Ecsenius lividanalis
- Conservation status: Least Concern (IUCN 3.1)

Scientific classification
- Kingdom: Animalia
- Phylum: Chordata
- Class: Actinopterygii
- Order: Blenniiformes
- Family: Blenniidae
- Genus: Ecsenius
- Species: E. lividanalis
- Binomial name: Ecsenius lividanalis W. M. Chapman & L. P. Schultz, 1952

= Ecsenius lividanalis =

- Authority: W. M. Chapman & L. P. Schultz, 1952
- Conservation status: LC

Species of fish

Ecsenius lividanalis, known commonly as the blue-head combtooth-blenny in Indonesia and also known as the blue-headed combtooth blenny, is a species of combtooth blenny in the genus Ecsenius.
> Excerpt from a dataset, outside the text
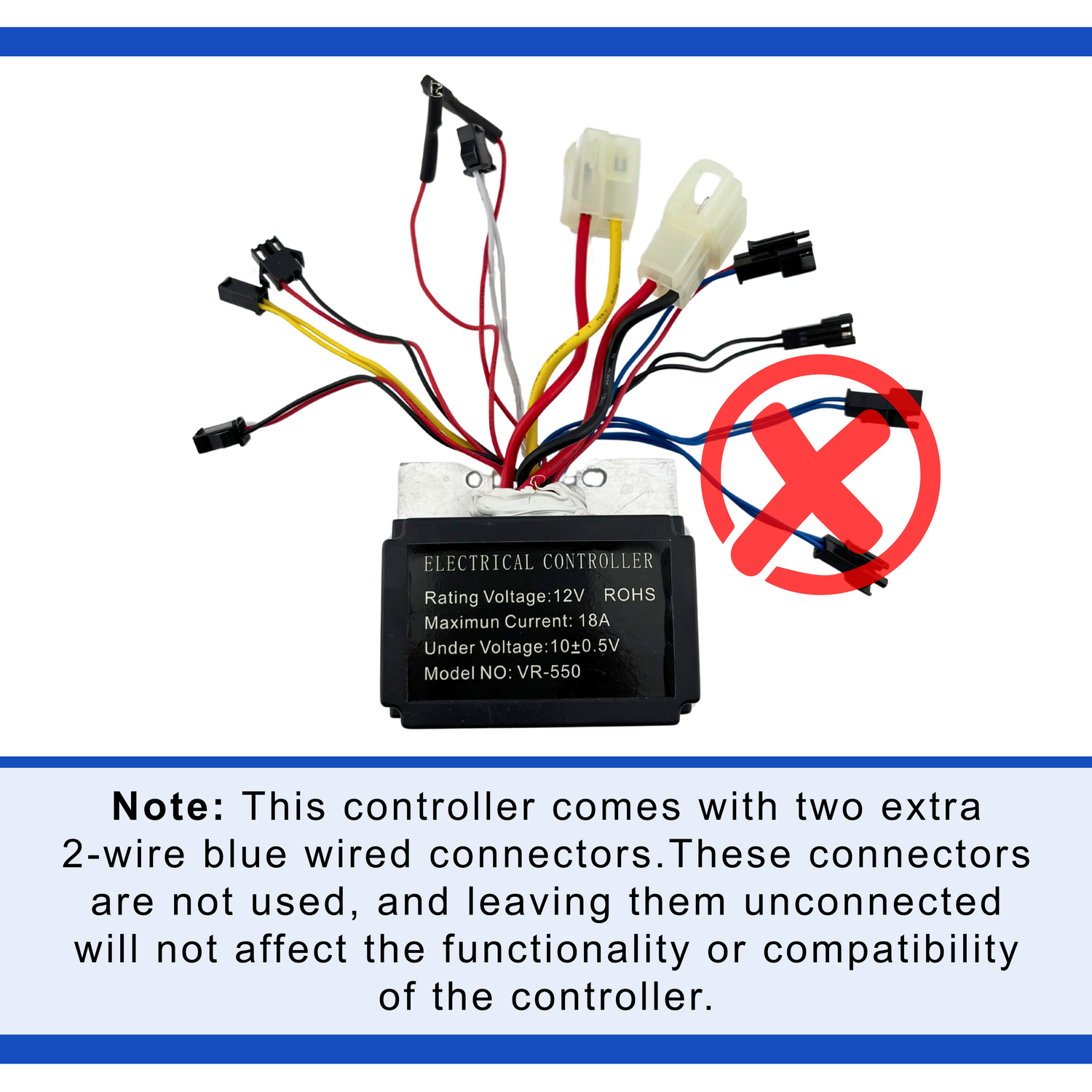 Note: This controller comes with two extra 2-wire blue wired connectors. These connectors are not used, and leaving them unconnected will not affect the functionality or compatibility of the controller.

It is found in coral reefs throughout the western Pacific ocean. It can reach a maximum length of 5 centimetres. Blennies in this species feed primarily off of plants, including benthic algae and weeds, and are commercial aquarium fish. There are two colour forms of this blenny, both of which have a black spot around the anus. One form has a blue head with a yellow body and iris while the other form is dark, occasionally all yellow, with a bluish-white iris, a yellow back and a yellow caudal fin.